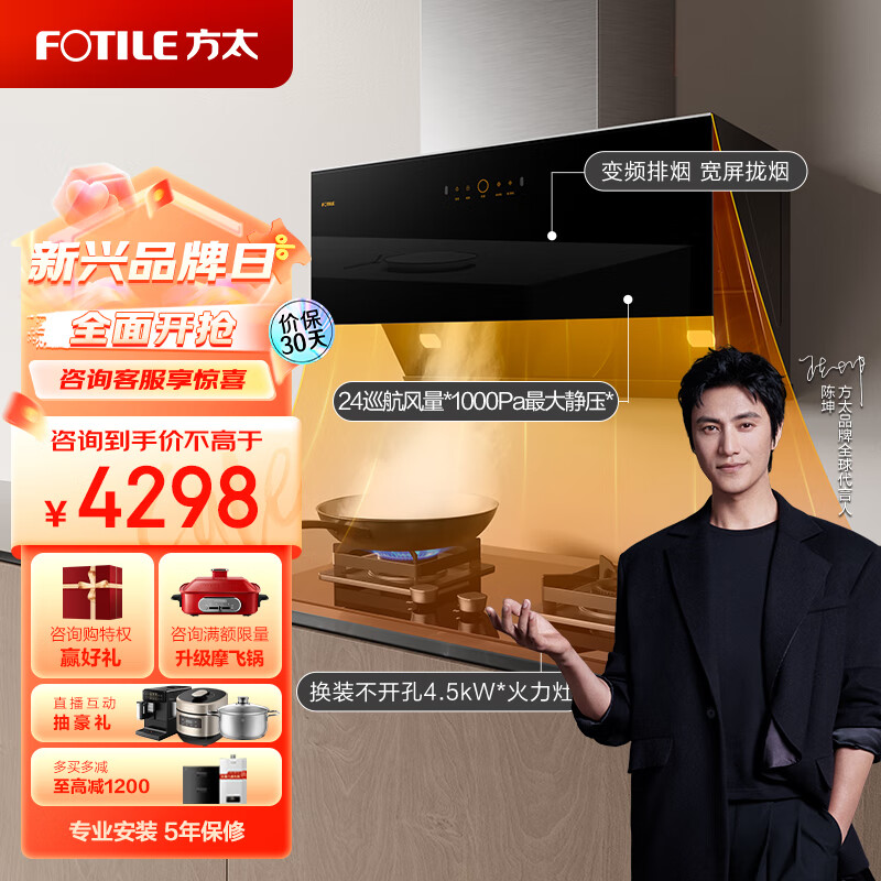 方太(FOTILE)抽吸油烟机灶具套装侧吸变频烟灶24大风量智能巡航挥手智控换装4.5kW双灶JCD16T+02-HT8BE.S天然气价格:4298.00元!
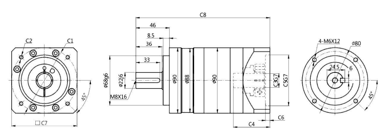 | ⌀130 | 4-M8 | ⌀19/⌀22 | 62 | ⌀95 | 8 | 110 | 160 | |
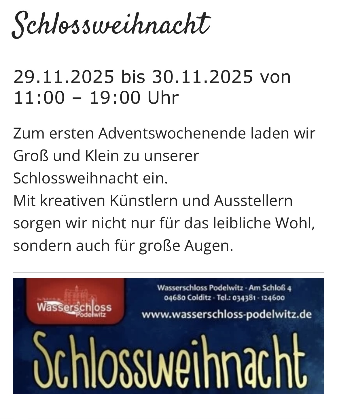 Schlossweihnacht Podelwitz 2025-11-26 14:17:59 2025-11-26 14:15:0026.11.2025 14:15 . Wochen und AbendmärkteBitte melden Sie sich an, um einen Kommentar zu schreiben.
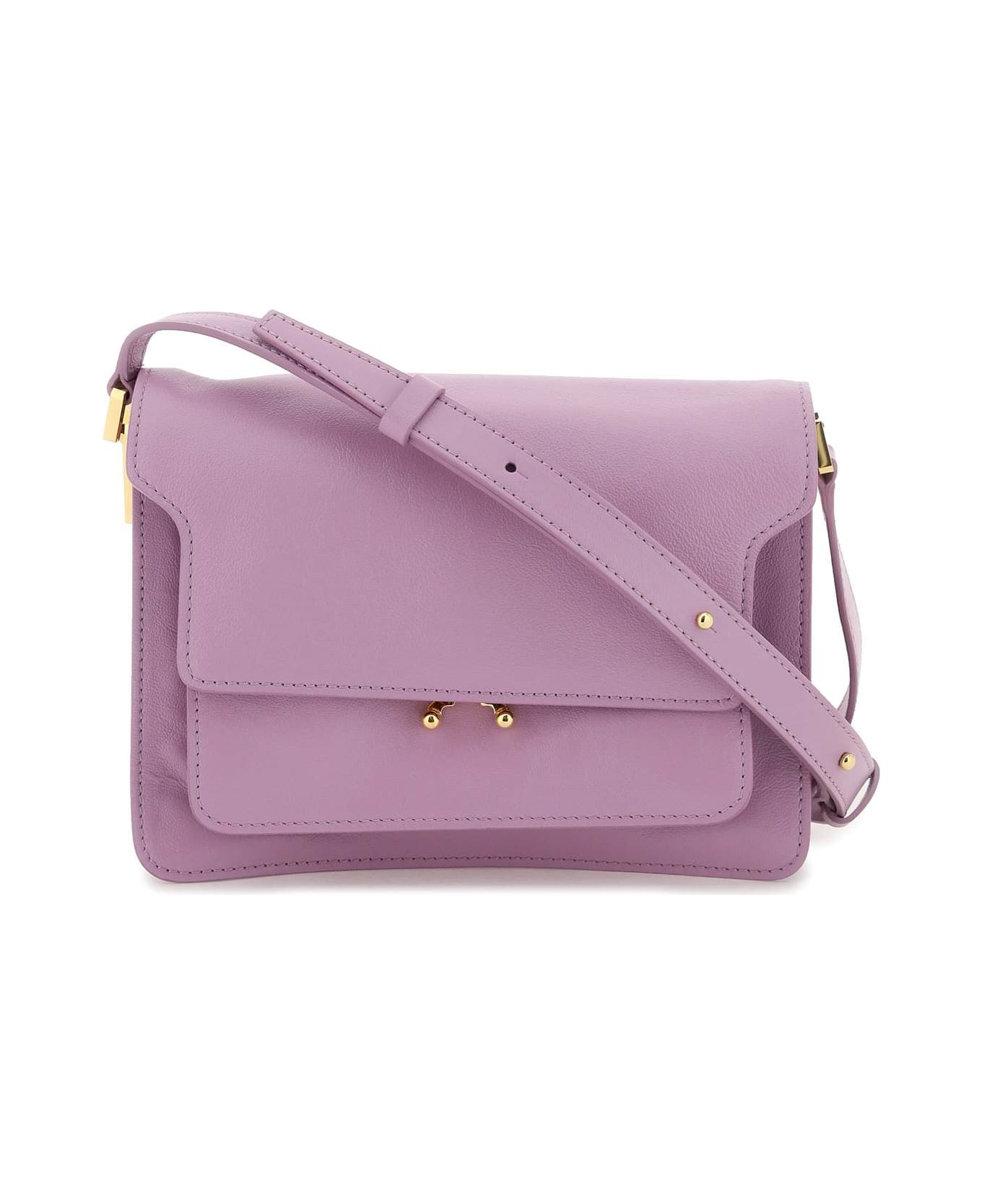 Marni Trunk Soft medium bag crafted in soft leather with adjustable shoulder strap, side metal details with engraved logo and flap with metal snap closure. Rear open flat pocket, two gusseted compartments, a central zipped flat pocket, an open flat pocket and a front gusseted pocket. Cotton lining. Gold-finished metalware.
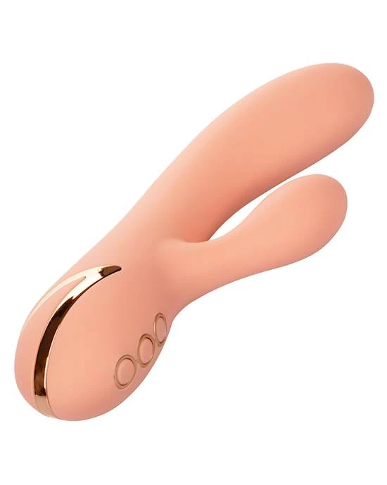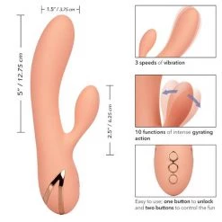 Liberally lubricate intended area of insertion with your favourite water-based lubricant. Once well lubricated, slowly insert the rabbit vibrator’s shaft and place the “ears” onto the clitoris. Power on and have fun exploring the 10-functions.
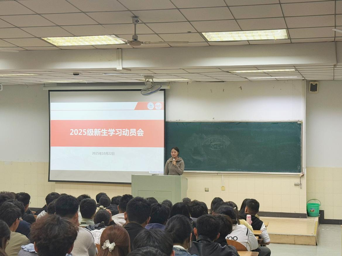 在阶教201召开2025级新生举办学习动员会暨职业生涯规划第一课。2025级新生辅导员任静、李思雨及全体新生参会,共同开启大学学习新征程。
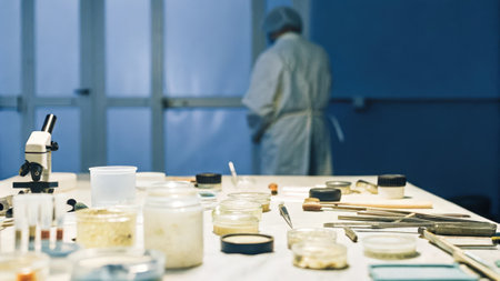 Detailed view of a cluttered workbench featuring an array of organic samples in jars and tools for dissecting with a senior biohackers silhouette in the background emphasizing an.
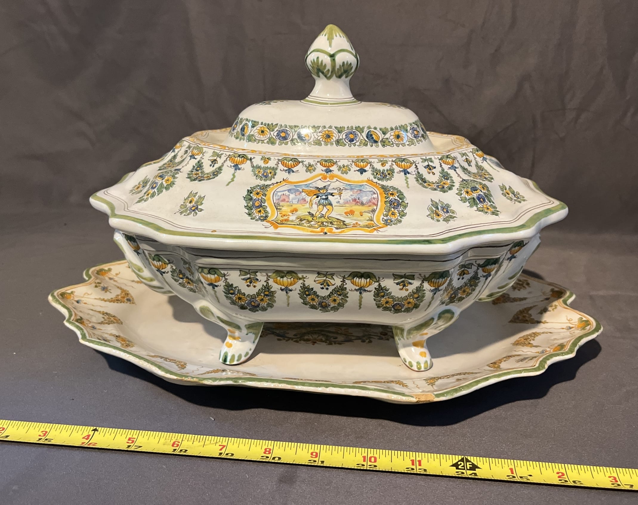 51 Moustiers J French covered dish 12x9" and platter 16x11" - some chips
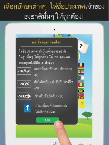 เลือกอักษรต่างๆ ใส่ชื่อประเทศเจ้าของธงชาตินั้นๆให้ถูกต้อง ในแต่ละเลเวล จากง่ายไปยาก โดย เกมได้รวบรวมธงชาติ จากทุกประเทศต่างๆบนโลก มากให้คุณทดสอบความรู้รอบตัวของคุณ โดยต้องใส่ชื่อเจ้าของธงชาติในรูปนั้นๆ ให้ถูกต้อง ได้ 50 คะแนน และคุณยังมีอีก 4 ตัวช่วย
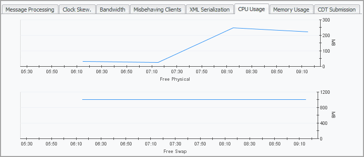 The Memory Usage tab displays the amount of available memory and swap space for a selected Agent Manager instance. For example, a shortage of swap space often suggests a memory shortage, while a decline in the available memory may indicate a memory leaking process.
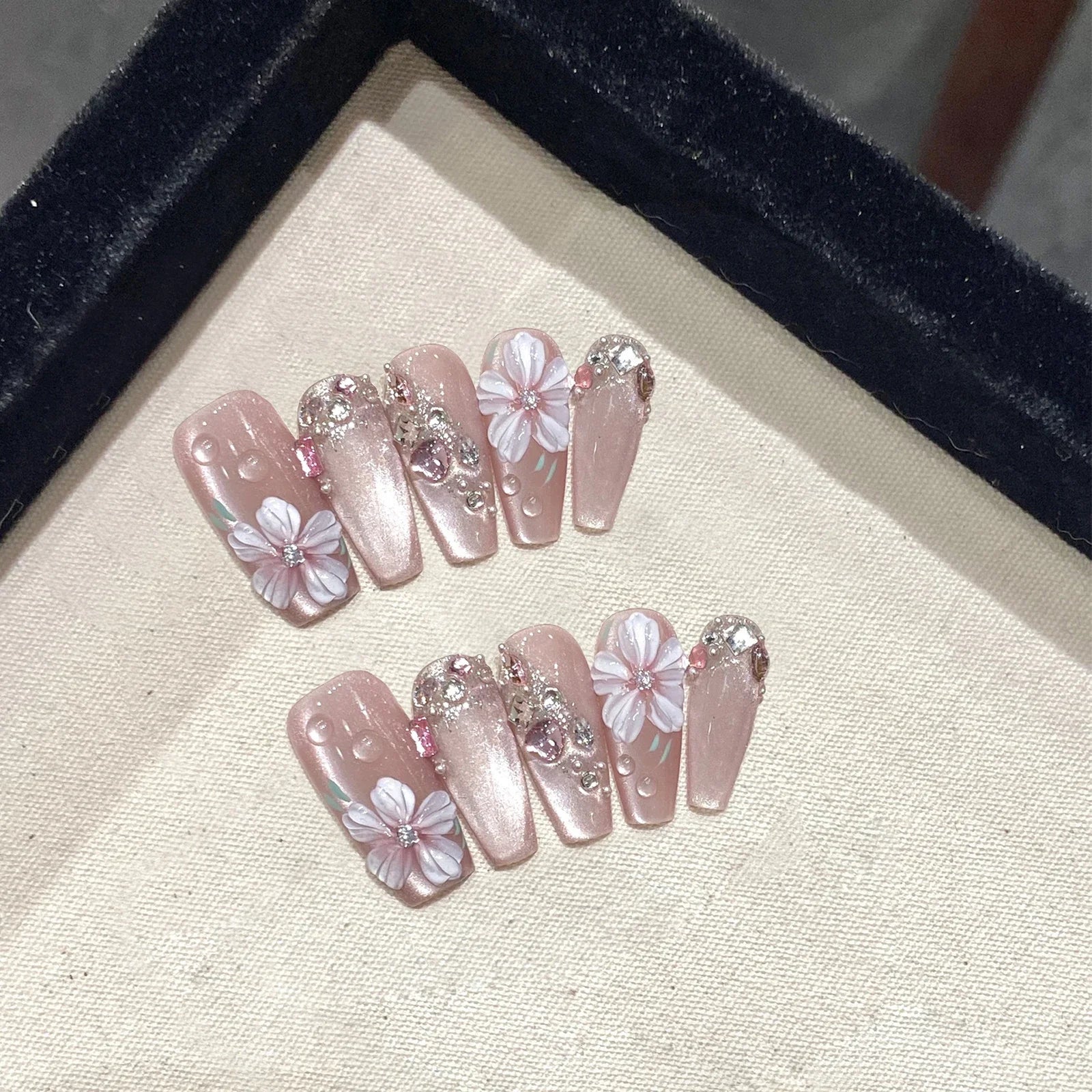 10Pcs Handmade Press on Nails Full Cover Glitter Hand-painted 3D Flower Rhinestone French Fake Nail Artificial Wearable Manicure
...
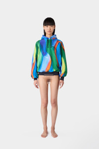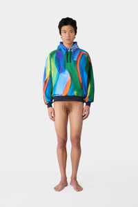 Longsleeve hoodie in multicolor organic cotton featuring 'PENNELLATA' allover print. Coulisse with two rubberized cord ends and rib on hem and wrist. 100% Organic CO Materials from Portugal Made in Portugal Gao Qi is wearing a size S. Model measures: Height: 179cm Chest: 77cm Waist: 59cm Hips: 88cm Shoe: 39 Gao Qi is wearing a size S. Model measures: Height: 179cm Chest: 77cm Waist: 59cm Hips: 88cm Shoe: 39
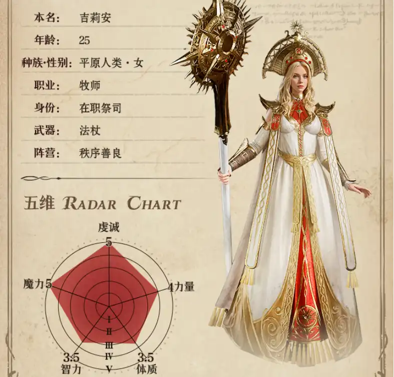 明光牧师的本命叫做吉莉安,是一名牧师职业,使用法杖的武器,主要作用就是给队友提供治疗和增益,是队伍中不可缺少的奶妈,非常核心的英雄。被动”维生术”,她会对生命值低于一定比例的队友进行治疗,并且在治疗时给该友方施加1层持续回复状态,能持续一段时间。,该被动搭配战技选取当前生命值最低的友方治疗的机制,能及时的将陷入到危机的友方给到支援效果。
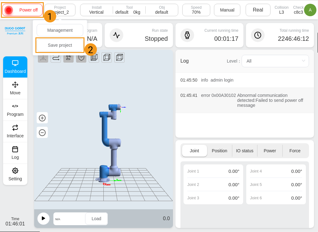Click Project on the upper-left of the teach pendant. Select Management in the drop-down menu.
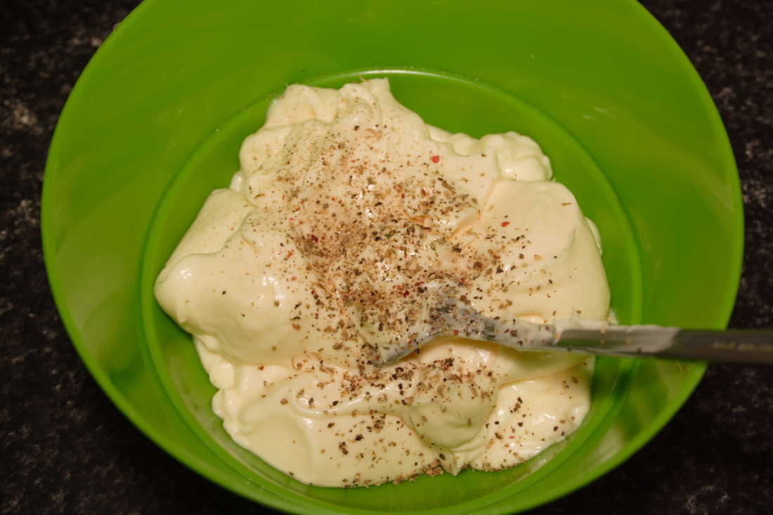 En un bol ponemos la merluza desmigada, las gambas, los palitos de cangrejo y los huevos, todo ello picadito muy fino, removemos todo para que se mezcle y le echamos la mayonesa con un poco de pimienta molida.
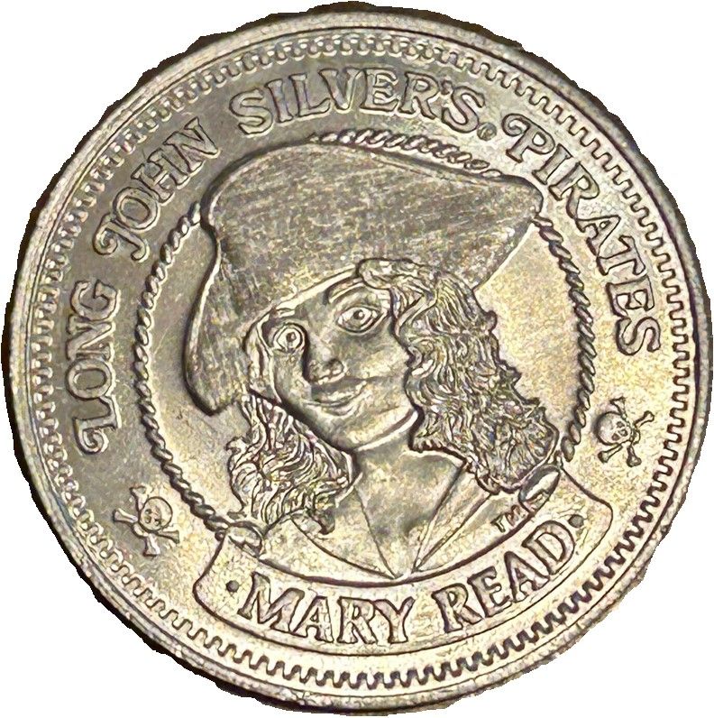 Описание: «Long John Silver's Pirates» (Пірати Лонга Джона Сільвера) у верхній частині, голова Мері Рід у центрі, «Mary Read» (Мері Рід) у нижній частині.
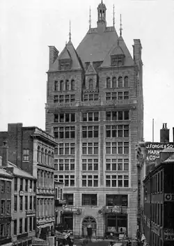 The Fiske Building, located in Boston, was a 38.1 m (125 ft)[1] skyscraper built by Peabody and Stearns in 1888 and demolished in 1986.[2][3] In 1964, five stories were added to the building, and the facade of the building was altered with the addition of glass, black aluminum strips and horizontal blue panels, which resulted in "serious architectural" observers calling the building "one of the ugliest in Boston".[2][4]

THE TASK: Given the records above, return the lines starting at the one that holds "Liberally lubricate intended" and ending at the one that holds "10Pcs Handmade Press", exactly, and nothing besides; leave every picture out.

WRITTEN RESPONSE:
 Liberally lubricate intended area of insertion with your favourite water-based lubricant. Once well lubricated, slowly insert the rabbit vibrator’s shaft and place the “ears” onto the clitoris. Power on and have fun exploring the 10-functions.
 在阶教201召开2025级新生举办学习动员会暨职业生涯规划第一课。2025级新生辅导员任静、李思雨及全体新生参会,共同开启大学学习新征程。
 Detailed view of a cluttered workbench featuring an array of organic samples in jars and tools for dissecting with a senior biohackers silhouette in the background emphasizing an.
 51 Moustiers J French covered dish 12x9" and platter 16x11" - some chips
 เลือกอักษรต่างๆ ใส่ชื่อประเทศเจ้าของธงชาตินั้นๆให้ถูกต้อง ในแต่ละเลเวล จากง่ายไปยาก โดย เกมได้รวบรวมธงชาติ จากทุกประเทศต่างๆบนโลก มากให้คุณทดสอบความรู้รอบตัวของคุณ โดยต้องใส่ชื่อเจ้าของธงชาติในรูปนั้นๆ ให้ถูกต้อง ได้ 50 คะแนน และคุณยังมีอีก 4 ตัวช่วย
 The Memory Usage tab displays the amount of available memory and swap space for a selected Agent Manager instance. For example, a shortage of swap space often suggests a memory shortage, while a decline in the available memory may indicate a memory leaking process.
 10Pcs Handmade Press on Nails Full Cover Glitter Hand-painted 3D Flower Rhinestone French Fake Nail Artificial Wearable Manicure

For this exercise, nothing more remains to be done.